Now, consider the free body diagram above for body i and that the constraint forces $\vec{F}_{i+1}$ from the next body are applied in equal and opposite measure to the body due to Newton's 3rd law.
Let's sum up the forces and torques of body i using the pivot location $\vec{r}_i$ as the reference point.
$$ \sum_i \vec{F} = \vec{F}_i - \vec{F}_{i+1} + m_{i}\vec{g} \tag{5} $$
where $\vec{g}$ is the gravity vector, and $m_i$ is the mass of body i
and
$$ \sum_i \vec{n} = \vec{n}_i - \left( \vec{n}_{i+1} + (\vec{r}_{i+1}-\vec{r}_i) \times \vec{F}_{i+1} \right) + \vec{c}_i \times m_{i}\vec{g} \tag{6} $$
where $\vec{c}_i$ is the location of the center of mass relative to the pivot.

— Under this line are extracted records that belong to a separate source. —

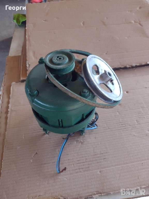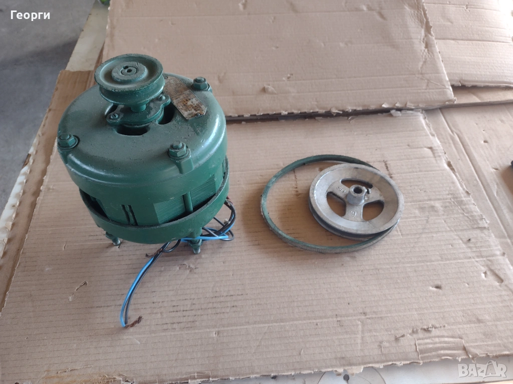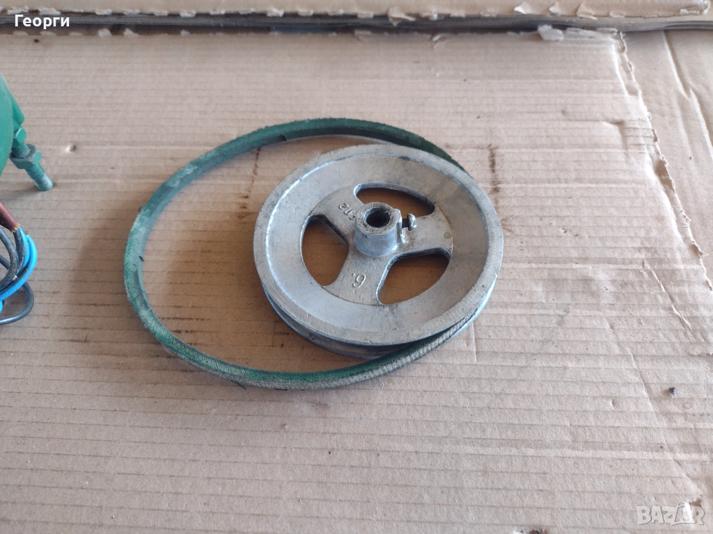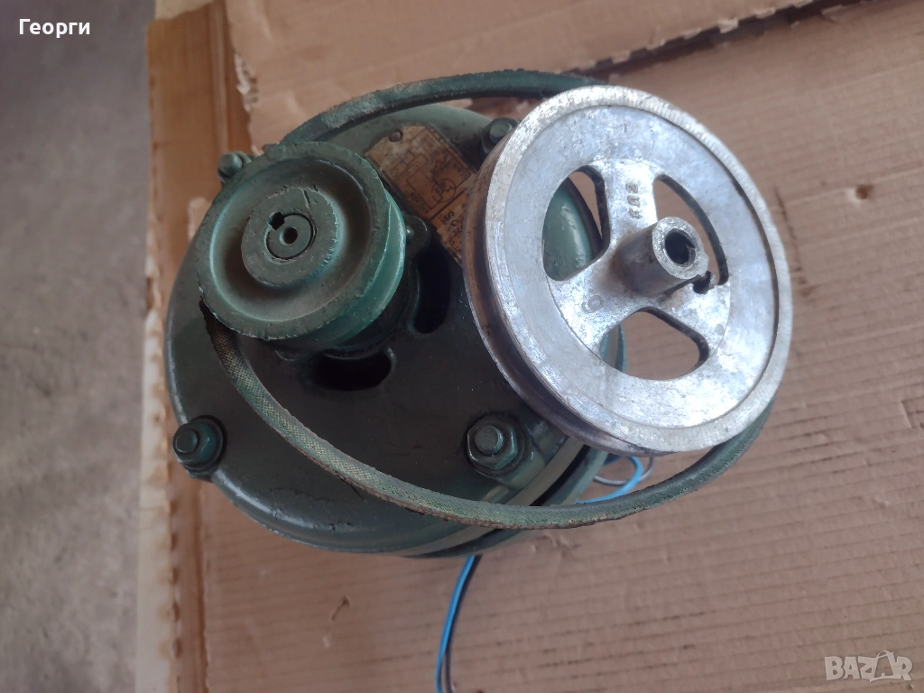 Монофазен електродвигател със шайба на оста на електродвигателя . Със допълнителна алуминиева шайба с ремък .
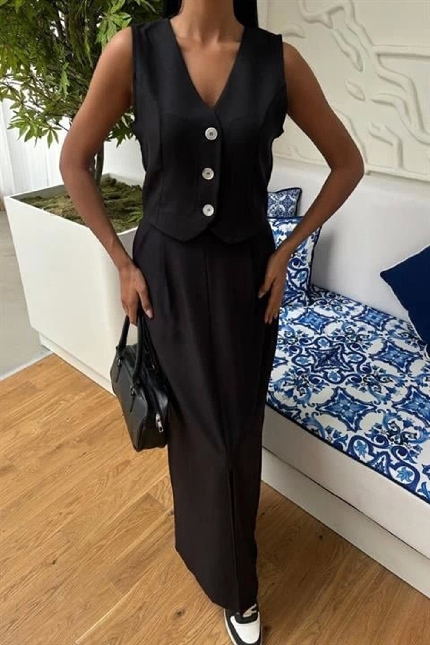 Butik Etek Yırtmaçlı Yelekli Keten Takım 10131
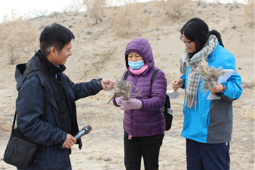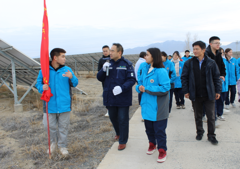 学校组织高一年级160名学生走进精河县赛马场附近的风沙地貌和精河县浙江能源光伏电厂,开启了一场精彩的地理研学活动。从课堂到实践,从书本到实地触摸,使学生们现场感受因长期风力作用而产生的风沙地貌,学习光伏发电的原理。梭梭、沙棘、红柳、沙蒿等植被、光伏发电的技术激发了学生们的好奇心和想象力。“大家都知道,风沙地貌沙子多,水分少,梭梭在这里的生长,全凭借顽强的生命力,只要一点水分,就能够在2-3小时内发芽,梭梭能适应沙漠综合治理难度严苛的环境;什么叫光伏建筑一体化以及太阳能光伏发电的优点……”地理老师张红玉和杨师傅正在为同学们认真地答疑解惑。
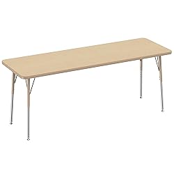 MULTI-PURPOSE ACTIVITY TABLE: 24" x 72" rectangle table with adjustable legs provides a durable, versatile space to work and play in classrooms, daycares, homes, churches and more STAIN-RESISTANT SURFACE: wipe clean laminate tabletop with mild soap and water solution for routine hassle-free maintenance T-MOLDING EDGE: sturdy plastic edge banding around table top helps protect from everyday wear and tear ADJUSTABLE HEIGHT: standard table legs adjust in 1" increments for table top heights from 19" to 30" to accommodate children, teens, and adults STABLE LEG DESIGN: slightly angled legs for reinforced stability feature self-leveling nylon swivel glides that adjust to uneven surfaces
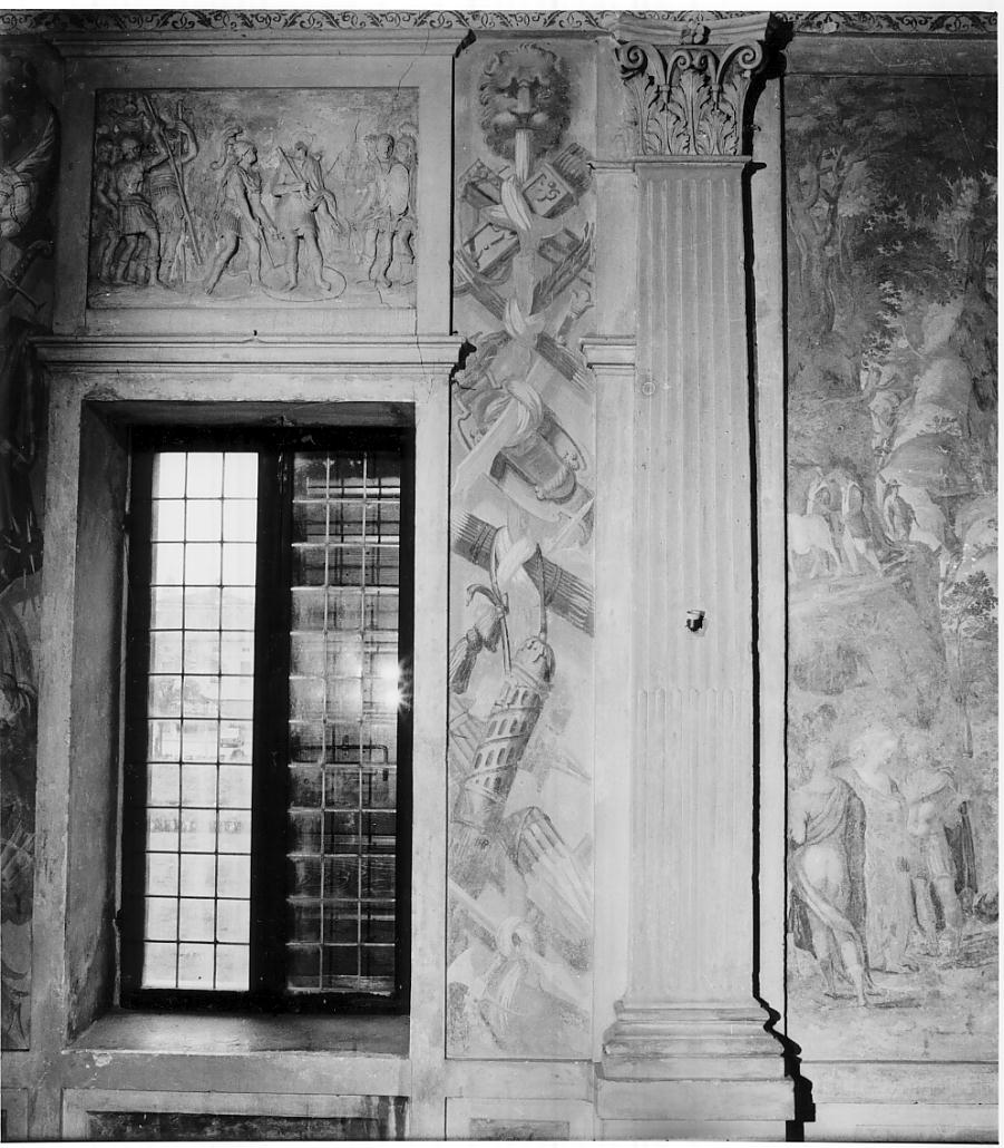 - NOTIZIE STORICO CRITICHE Già il Puerari notava la evidente affinità stilisticadi questa serie di bassorilievi con gli altri bassorilievi a stucco dell'attigua Sala di Enea, ma li attribuiva, senza fondati motivi, ad Alberto Cavalli. Il Lamo invece ebbe a specificare, come testimone diretto, l'esecuzione di "alcune figure molto riguardevoli... di stucco", nella Sala di Enea da parte di Bartolomeo Conti, mantovano. L'antica attribuzione va certamente tenuta nel debito conto; poichè il Lamo non menzionò la sala degli Specchi, possiamo dedurre che il relativo lavoro di decorazione sia avvenuto dopo il 1591, anno della morte del committente Vespasiano Gonzaga

Now consider the Netwon-Euler equations of motion at the center of mass $$\sum_{i}\vec{F}=m\dot{\vec{v}}^{C}_{i} \tag{7}$$ and $$\sum_{i}\vec{n}^{C}=\mathcal{I}_{i}\dot{\vec{\omega}}_{i}+\vec{\omega}_{i}\times\mathcal{I}_{i}\vec{\omega}_{i} \tag{8}$$ where $\mathcal{I}_i$ is the mass moment of inetia tensor of body i about its center of mass and along the inertial basis vectors.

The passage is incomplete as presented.